* _DESCRIPTION OF THE TASK_: Using the data that follows, output only the lines from the line with "Termékjellemzők: - Tupperware" up to and including the line with "925 SILVER ELEPHANT ON GEMSTONE PENDANT...", exactly, leaving pictures aside.

--*--

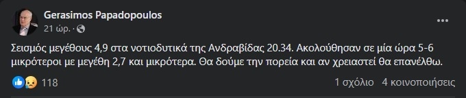 Σεισμός μεγέθους 4,9 στα νοτιοδυτικά της Ανδραβίδας 20.34. Ακολούθησαν σε μία ώρα 5-6 μικρότεροι με μεγέθη 2,7 και μικρότερα. Θα δούμε την πορεία και αν χρειαστεί θα επανέλθω.
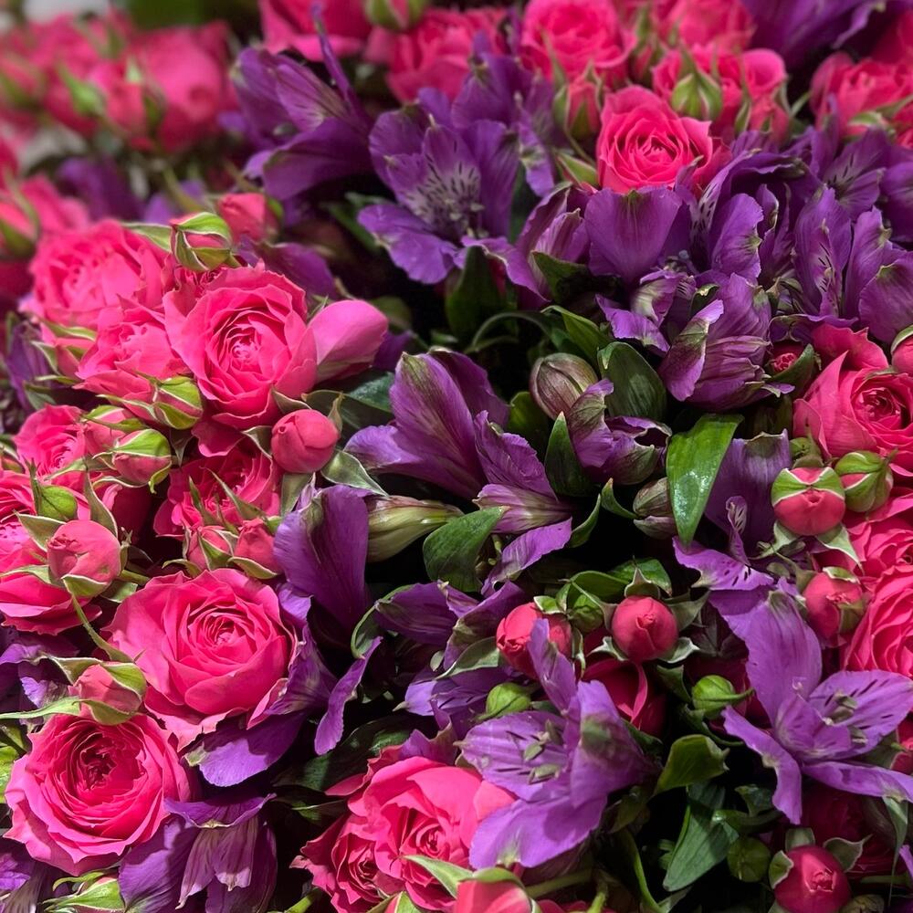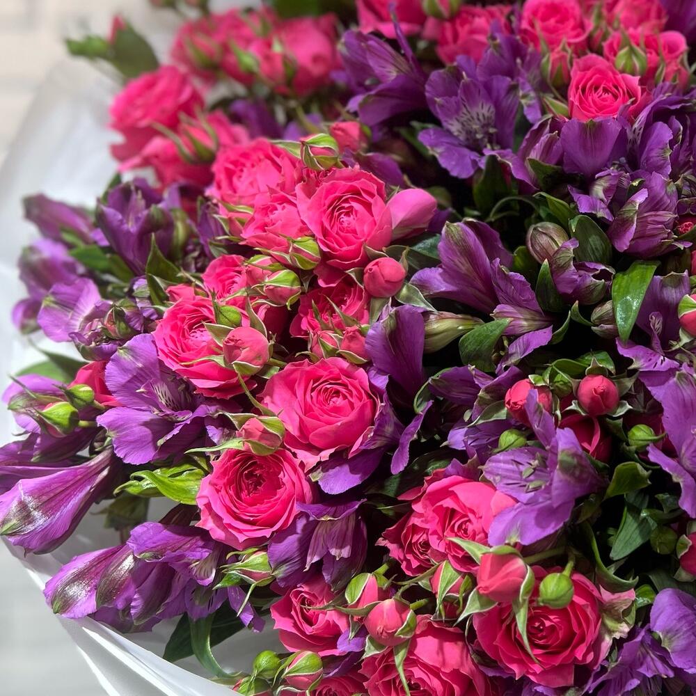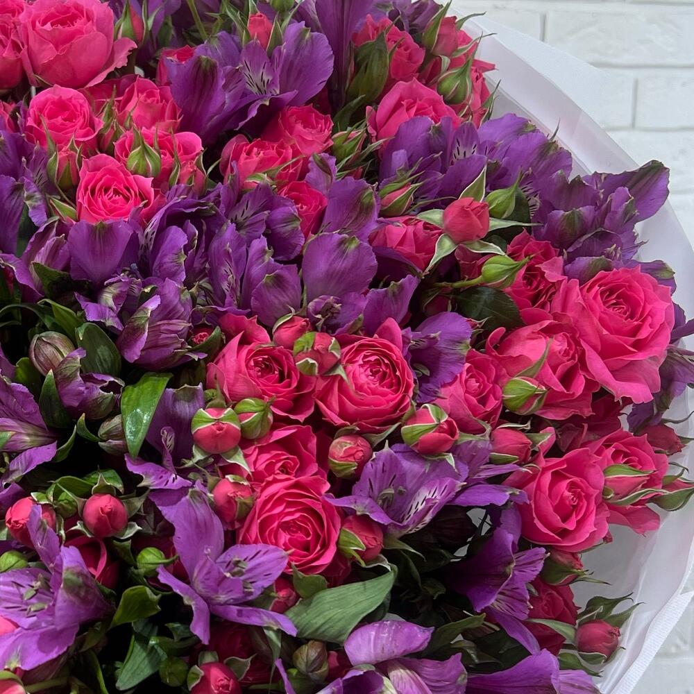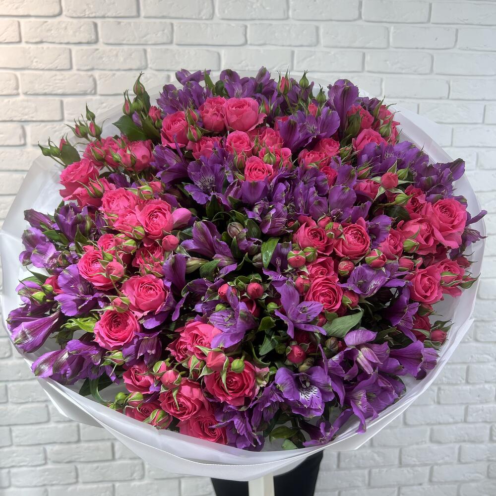 Альстромерия - 11 шт. Оформление - 6 шт. кустовые спрей розы - 10 шт.
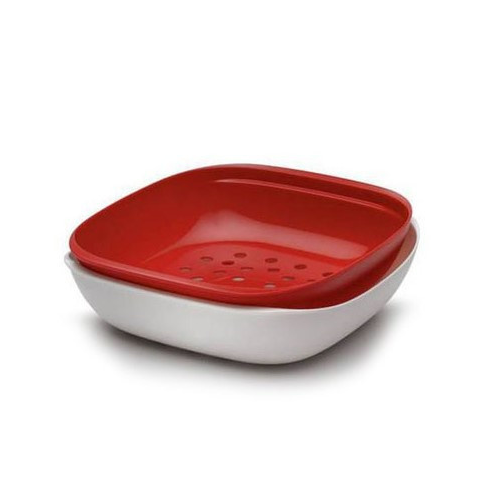 Termékjellemzők: - Tupperware Kombikosár - Szín: piros szűrő és fehér tál - Méret: 24,5 x 24,5 x 7 cm - Gyümölcsök, zöldségek mosására és lecsöpögtetésére, tálalására - Görögdinnye, vagy más nagy nedvességtartalmú ételek szervírozására - Fagyasztott élelm
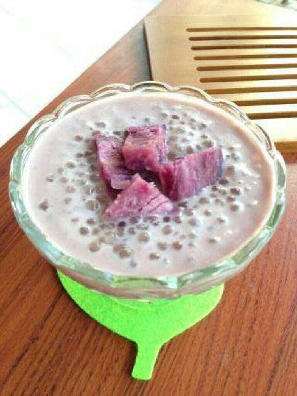 紫薯3个;西米适量;椰酱200ML;纯牛奶500ML;
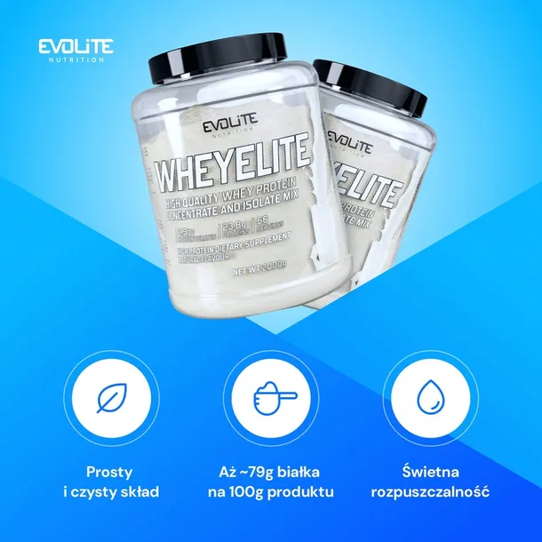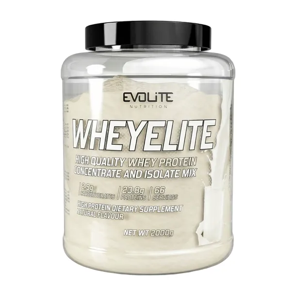 Evolite WheyElite jest połączeniem koncentratu białka serwatkowego oraz izolatu, bez zbędnych dodatków. Odżywka ta charakteryzuje się bardzo dobrą przyswajalnością, aminogramem, świetnym smakiem jak i znakomitą rozpuszczalnością.
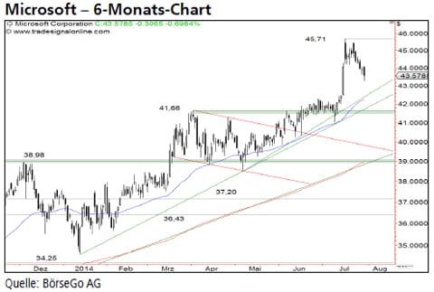 Ausblick: Mit dem Ausbruch über den Widerstand bei 41,66 USD haben die Bullen bei Microsoft ein mittelfristiges Kaufsignal generiert. Selbst nach dem starken Anstieg ist das Aufwärtspotenzial der Aktien aus unserer Sicht noch nicht ausgereizt. Die Long-Szenarien: Die laufende Korrektur dürfte jetzt im Bereich von 43,00 USD wieder auf Käufer treffen und anschliessend ein Anstieg an das bisherige Rallyhoch bei 45,71 USD erfolgen. Bei einem Ausbruch über diese Barriere könnte sich die Hausse direkt fortsetzen und sich bis 47,50 und 48,00 USD ausdehnen. Steigen die Aktien anschliessend auch über diesen rechnerischen Zielbereich an, wäre bereits mit einer Rallyausweitung bis 52,00 USD zu rechnen. Die Short-Szenarien: Setzt der Wert dagegen jetzt unter 43,00 USD zurück, käme es zu einem Rücklauf an das frühere Hoch bei 41,66 USD. Zwar wäre der Ausbruch und der übergeordnete Aufwärtstrend damit noch nicht gefährdet, die bullishe Verfassung des Wertes hätte jedoch einen Dämpfer erhalten. Dennoch wäre ausgehend von 41,66 USD mit einem weiteren Anstieg zu rechnen. Sollte es dagegen zu einem Bruch dieser Marke kommen, sollte man einen Ausverkauf bis 38,98 USD erwarten.
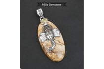 925 SILVER ELEPHANT ON GEMSTONE PENDANT...
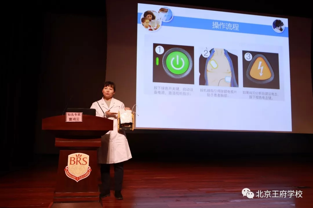 On March 19, BRS was honored to have Ms. Cao Hongyun, Deputy Chief Physician and Director of the Emergency Department of Beijing Royal Integrative Medicine Hospital, to our school to conduct a lecture on cardiopulmonary resuscitation and how to properly use the Automated External Defibrillator (AED). BRS added an AED this spring in the corridor of our campus’ gym and offered this life-saving instructive course in order to protect the health and safety of our students and staff in the case of medical emergency.
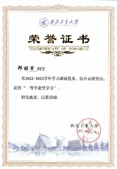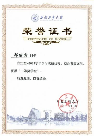 2023年校设一等奖学金
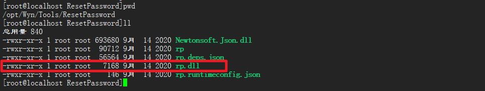 (1) 在Wyn 安装目录中找到重置工具 rp.dll(默认路径为:/opt/Wyn/Tools/ResetPassword/)。
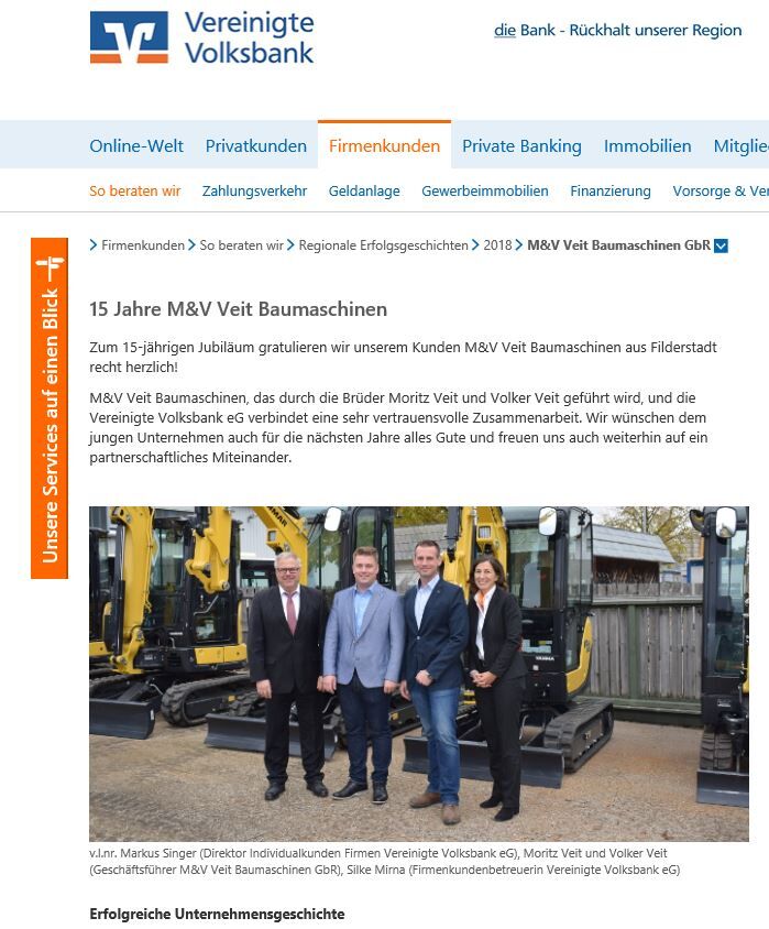 Die Vereinigte Voksbank eG und M&V Veit Baumaschinen verbindet eine sehr vertrauensvolle Zusammenarbeit.
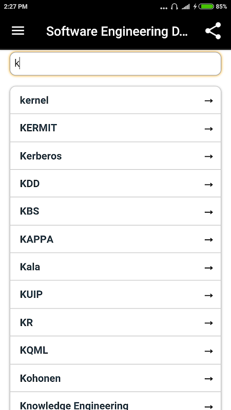 Yazılım ve diğerleriyle ilgili tüm kelimelerin anlamlarını içerir. Eğitim ve diğer ilgili amaçlar için çok yararlı ve yararlıdır.Algili kelimeyi alfabetik olarak bulmanıza yardımcı olan arama seçeneği içerir.
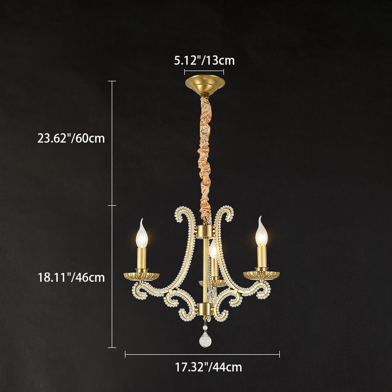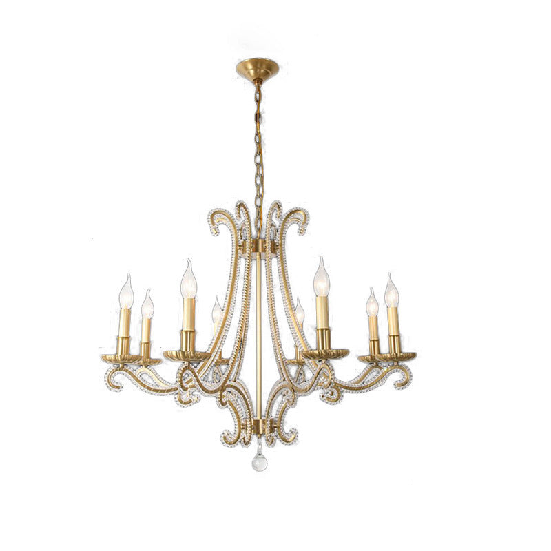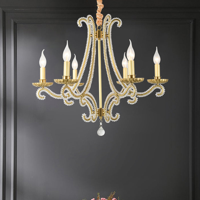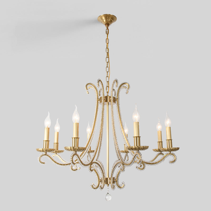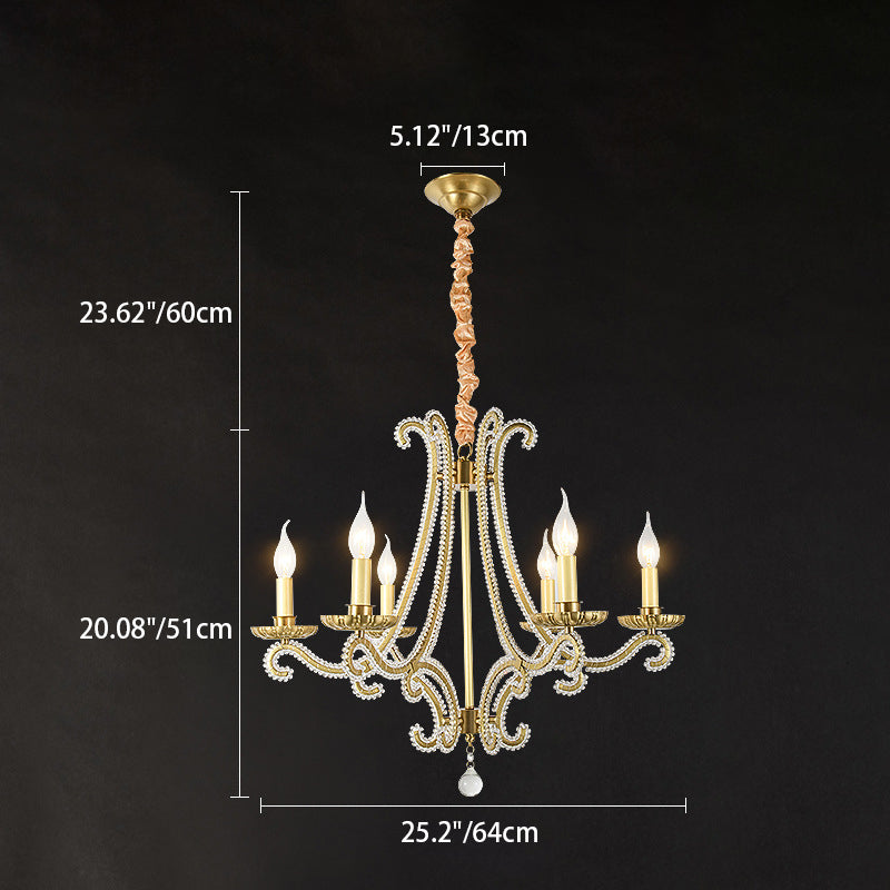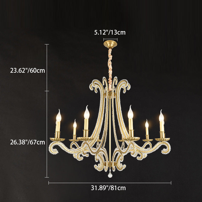 Traditional French Iron Crystal Candle Curved 3/6/8 Light Chandeliers For Living Room

--*--

* _RESULT OF THIS TASK_:
 Termékjellemzők: - Tupperware Kombikosár - Szín: piros szűrő és fehér tál - Méret: 24,5 x 24,5 x 7 cm - Gyümölcsök, zöldségek mosására és lecsöpögtetésére, tálalására - Görögdinnye, vagy más nagy nedvességtartalmú ételek szervírozására - Fagyasztott élelm
 紫薯3个;西米适量;椰酱200ML;纯牛奶500ML;
 Evolite WheyElite jest połączeniem koncentratu białka serwatkowego oraz izolatu, bez zbędnych dodatków. Odżywka ta charakteryzuje się bardzo dobrą przyswajalnością, aminogramem, świetnym smakiem jak i znakomitą rozpuszczalnością.
 Ausblick: Mit dem Ausbruch über den Widerstand bei 41,66 USD haben die Bullen bei Microsoft ein mittelfristiges Kaufsignal generiert. Selbst nach dem starken Anstieg ist das Aufwärtspotenzial der Aktien aus unserer Sicht noch nicht ausgereizt. Die Long-Szenarien: Die laufende Korrektur dürfte jetzt im Bereich von 43,00 USD wieder auf Käufer treffen und anschliessend ein Anstieg an das bisherige Rallyhoch bei 45,71 USD erfolgen. Bei einem Ausbruch über diese Barriere könnte sich die Hausse direkt fortsetzen und sich bis 47,50 und 48,00 USD ausdehnen. Steigen die Aktien anschliessend auch über diesen rechnerischen Zielbereich an, wäre bereits mit einer Rallyausweitung bis 52,00 USD zu rechnen. Die Short-Szenarien: Setzt der Wert dagegen jetzt unter 43,00 USD zurück, käme es zu einem Rücklauf an das frühere Hoch bei 41,66 USD. Zwar wäre der Ausbruch und der übergeordnete Aufwärtstrend damit noch nicht gefährdet, die bullishe Verfassung des Wertes hätte jedoch einen Dämpfer erhalten. Dennoch wäre ausgehend von 41,66 USD mit einem weiteren Anstieg zu rechnen. Sollte es dagegen zu einem Bruch dieser Marke kommen, sollte man einen Ausverkauf bis 38,98 USD erwarten.
 925 SILVER ELEPHANT ON GEMSTONE PENDANT...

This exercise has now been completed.